Information:
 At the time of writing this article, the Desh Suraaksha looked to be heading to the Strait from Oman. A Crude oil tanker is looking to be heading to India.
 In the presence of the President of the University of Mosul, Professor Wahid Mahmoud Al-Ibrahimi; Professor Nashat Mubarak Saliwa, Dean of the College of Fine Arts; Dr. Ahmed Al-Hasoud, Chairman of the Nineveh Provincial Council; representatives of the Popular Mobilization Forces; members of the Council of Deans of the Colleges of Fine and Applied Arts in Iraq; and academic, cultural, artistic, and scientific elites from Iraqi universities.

...

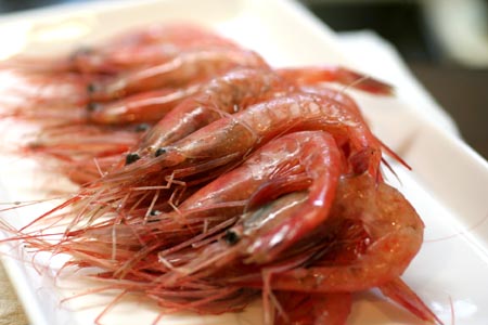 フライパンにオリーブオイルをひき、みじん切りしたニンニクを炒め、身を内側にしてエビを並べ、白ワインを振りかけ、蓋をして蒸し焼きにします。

* * *

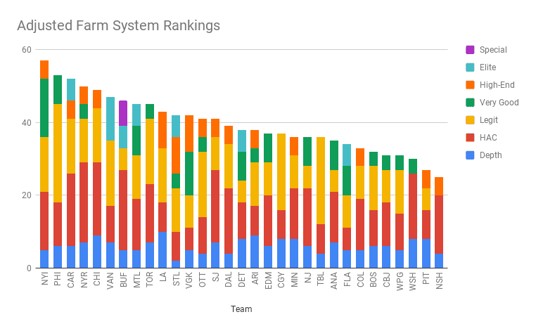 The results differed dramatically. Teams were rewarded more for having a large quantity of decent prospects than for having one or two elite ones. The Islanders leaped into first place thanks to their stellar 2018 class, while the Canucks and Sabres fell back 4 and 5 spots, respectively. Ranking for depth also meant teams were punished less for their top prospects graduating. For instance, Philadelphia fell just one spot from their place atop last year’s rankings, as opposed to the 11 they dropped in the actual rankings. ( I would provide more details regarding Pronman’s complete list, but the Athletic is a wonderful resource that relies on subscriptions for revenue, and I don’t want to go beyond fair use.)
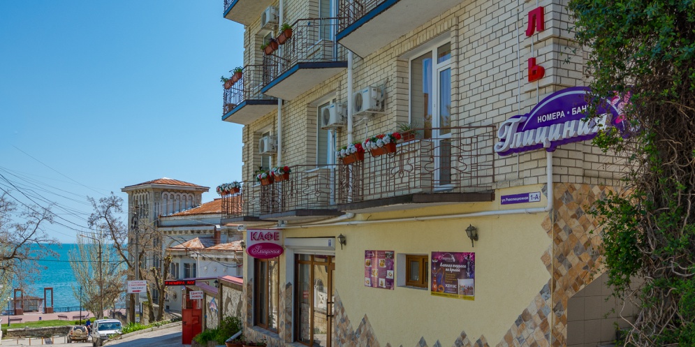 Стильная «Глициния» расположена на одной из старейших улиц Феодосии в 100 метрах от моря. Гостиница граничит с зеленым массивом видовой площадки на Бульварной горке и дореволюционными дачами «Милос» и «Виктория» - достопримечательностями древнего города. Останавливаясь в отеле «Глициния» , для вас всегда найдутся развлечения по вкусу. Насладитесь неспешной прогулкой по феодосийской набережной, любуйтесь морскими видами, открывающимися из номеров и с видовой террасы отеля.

Task to complete: Within the listing above, extract exactly the lines from the line with "At the time" to the line with "In the presence", the two named lines included, and no others.

Answer space:
 At the time of writing this article, the Desh Suraaksha looked to be heading to the Strait from Oman. A Crude oil tanker is looking to be heading to India.
 In the presence of the President of the University of Mosul, Professor Wahid Mahmoud Al-Ibrahimi; Professor Nashat Mubarak Saliwa, Dean of the College of Fine Arts; Dr. Ahmed Al-Hasoud, Chairman of the Nineveh Provincial Council; representatives of the Popular Mobilization Forces; members of the Council of Deans of the Colleges of Fine and Applied Arts in Iraq; and academic, cultural, artistic, and scientific elites from Iraqi universities.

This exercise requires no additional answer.